### DATA
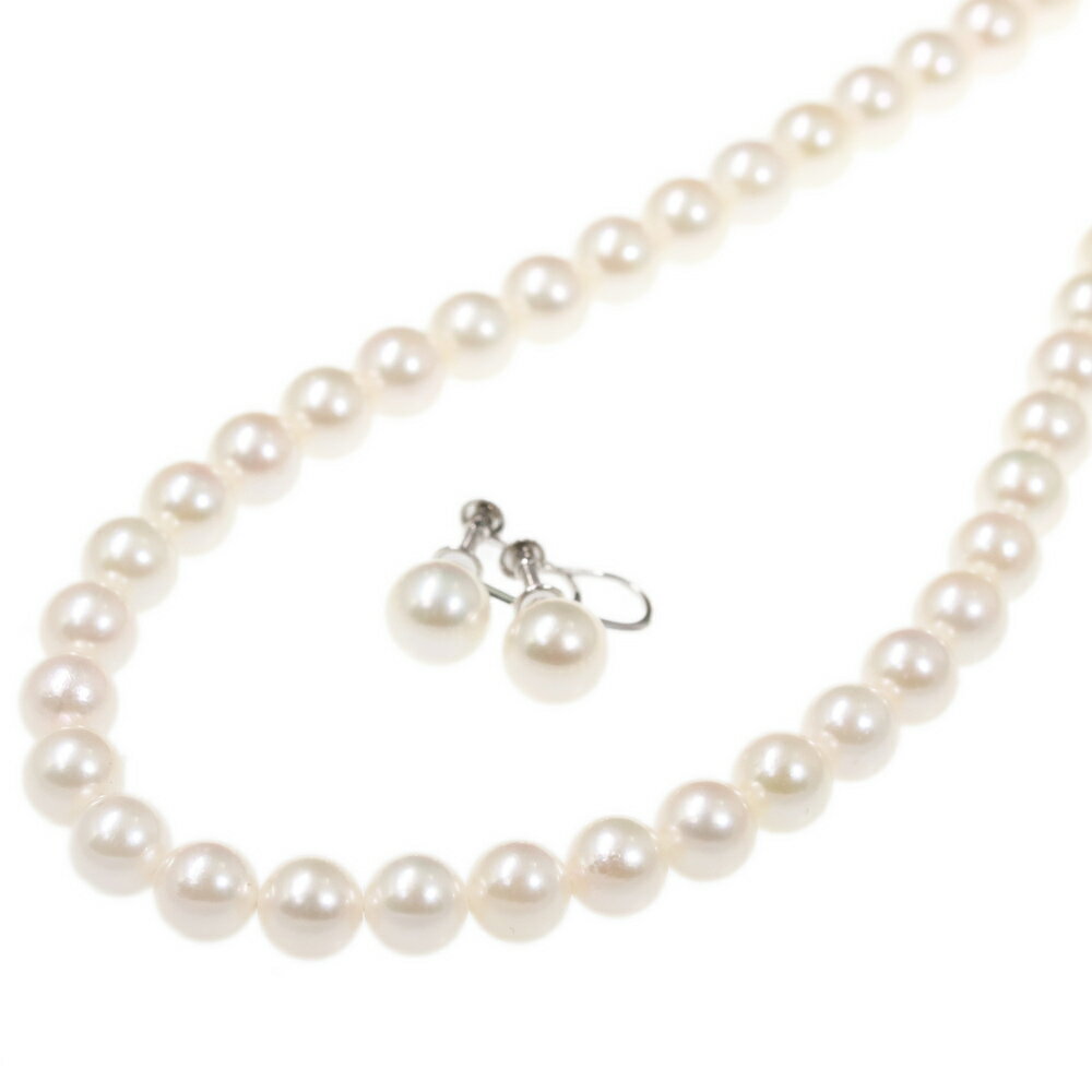 真珠(パール)・ネックレス・イヤリングセット・ジュエリー/Sv925×K14/585コンビ-29.7/1.8g/シルバー×ホワイトゴールド【♀】【N】【レディース】【h190720】【RF2】■295963【中古】
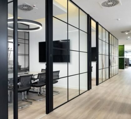 • Aluminium Office Partitions – Glass and solid partitions for modern workspaces
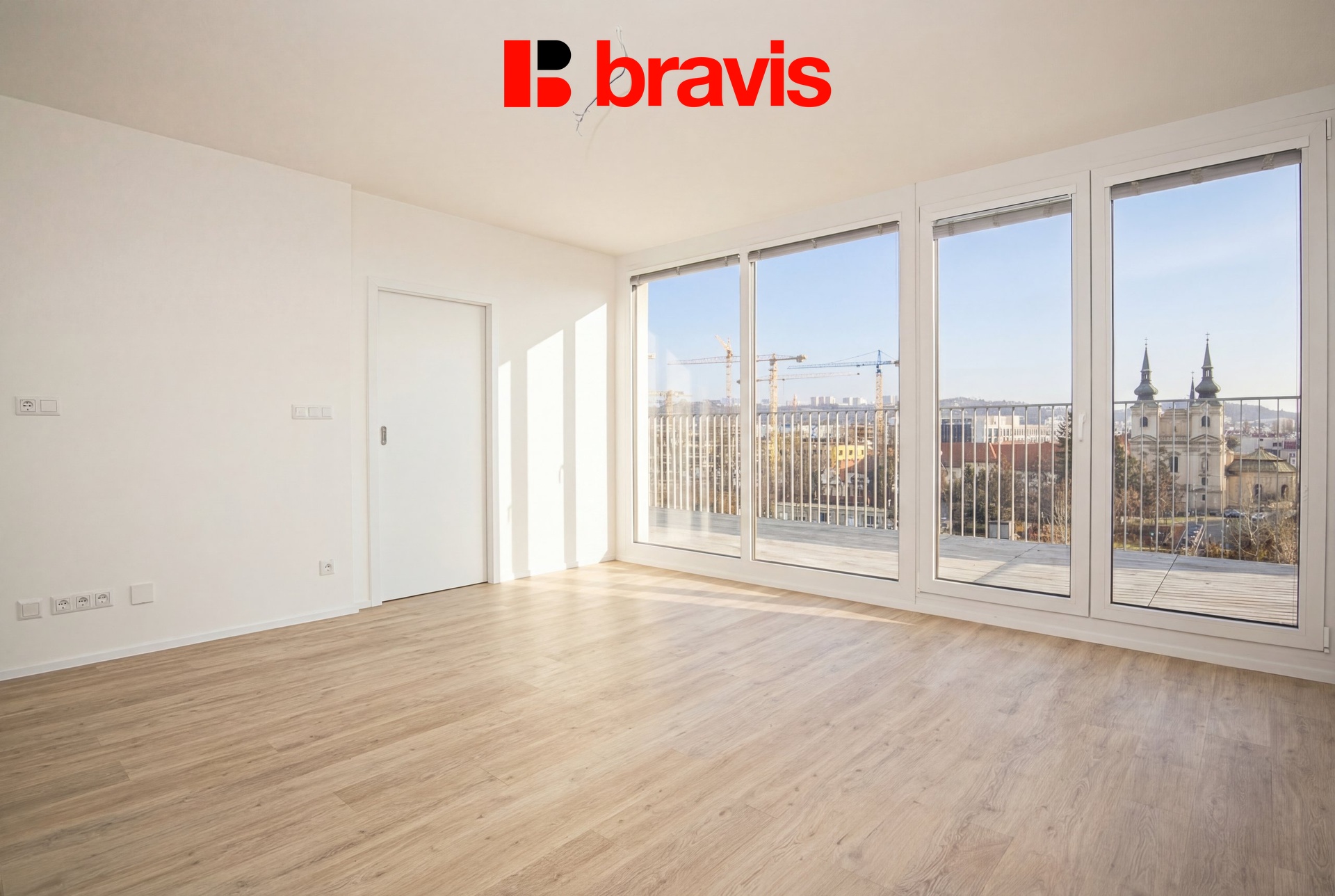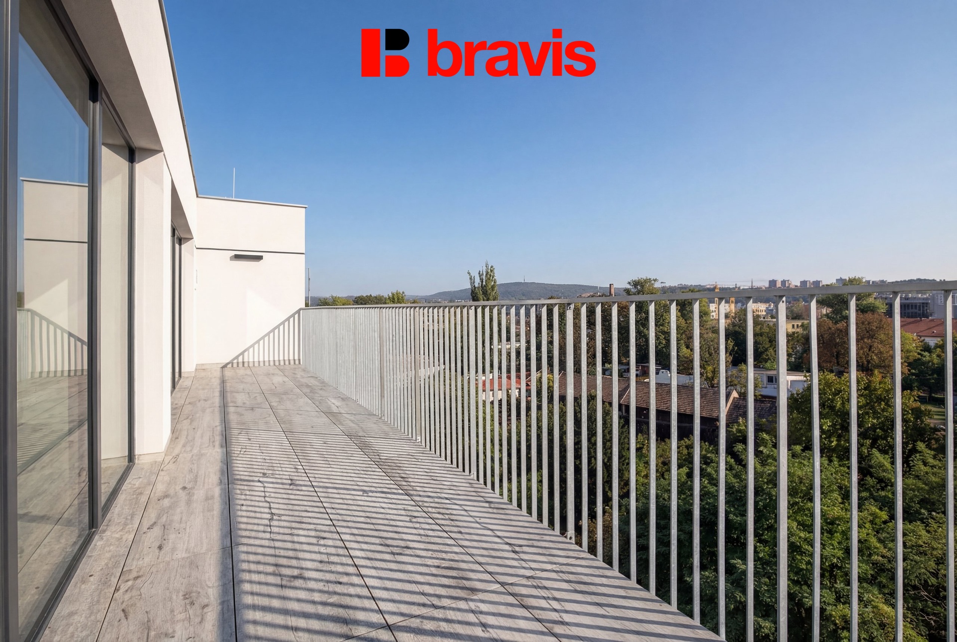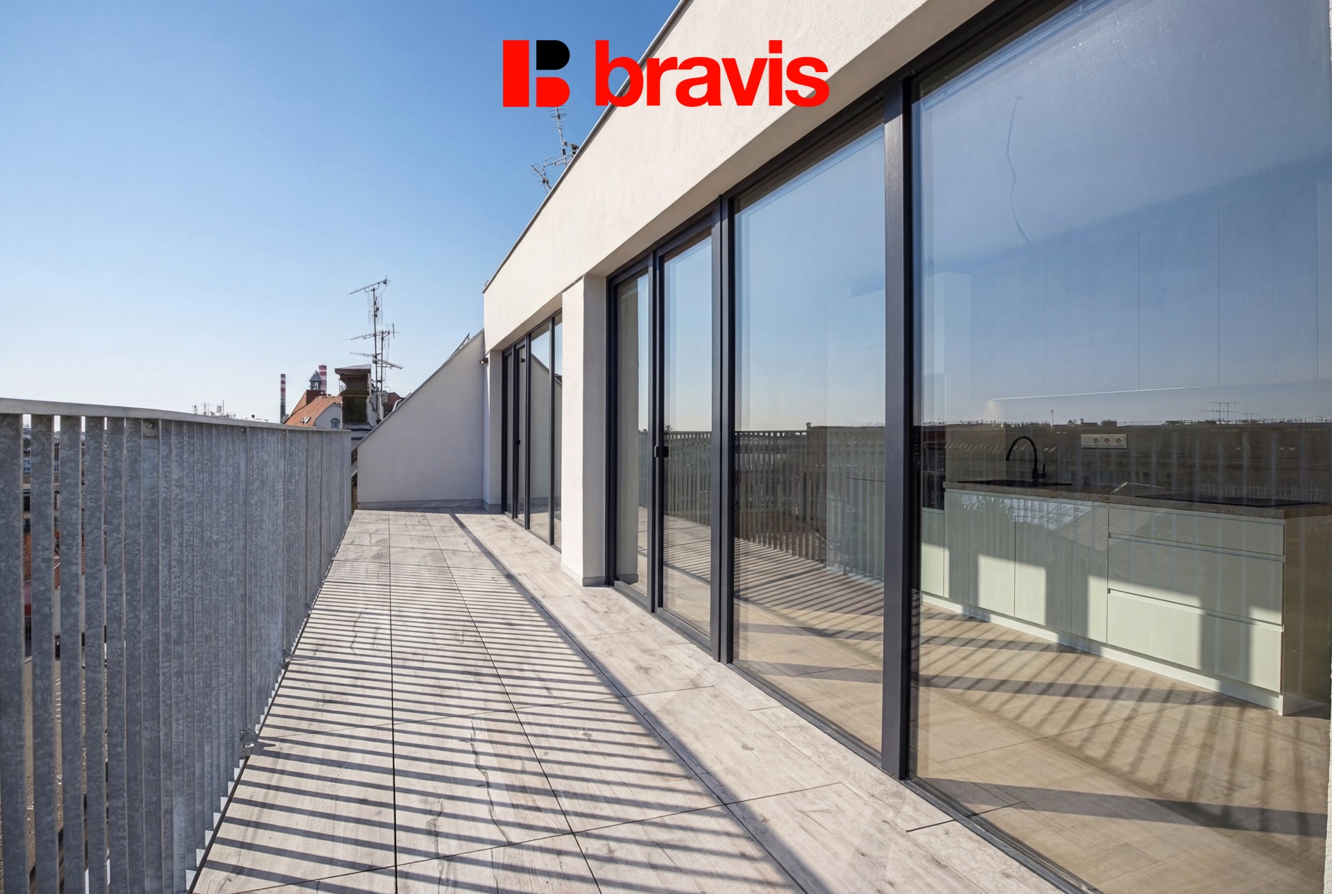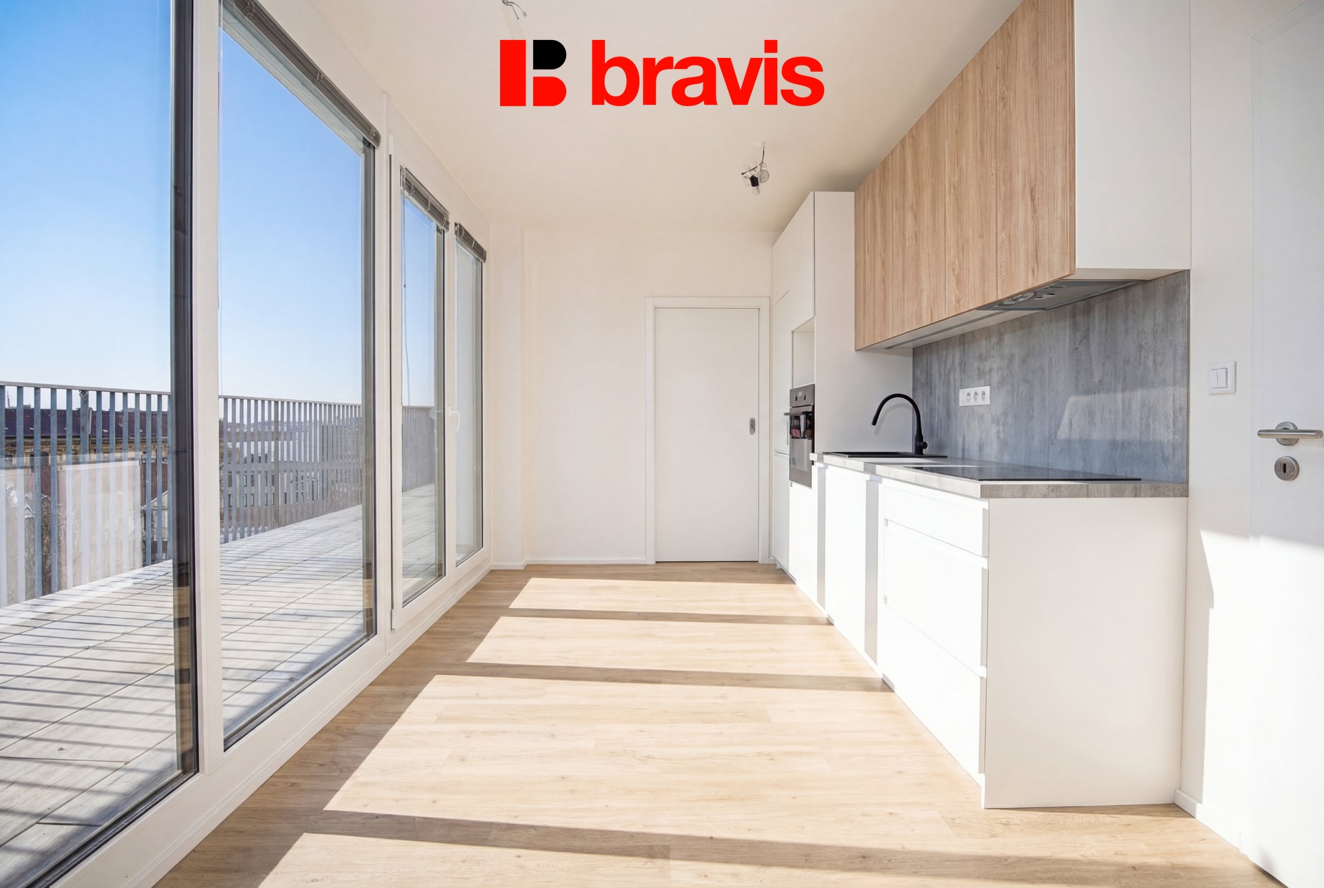 Z obývací části je přímý vstup na terasu, která nabízí orientaci na areál Nové Zbrojovky – ideální místo pro ranní kávu nebo večerní posezení.

### WORK REQUEST
Pictures must be left out. Repeat exactly the lines from the one containing "for modern workspaces" through the final line of the data.

### EXERCISE SOLUTION
 • Aluminium Office Partitions – Glass and solid partitions for modern workspaces
 Z obývací části je přímý vstup na terasu, která nabízí orientaci na areál Nové Zbrojovky – ideální místo pro ranní kávu nebo večerní posezení.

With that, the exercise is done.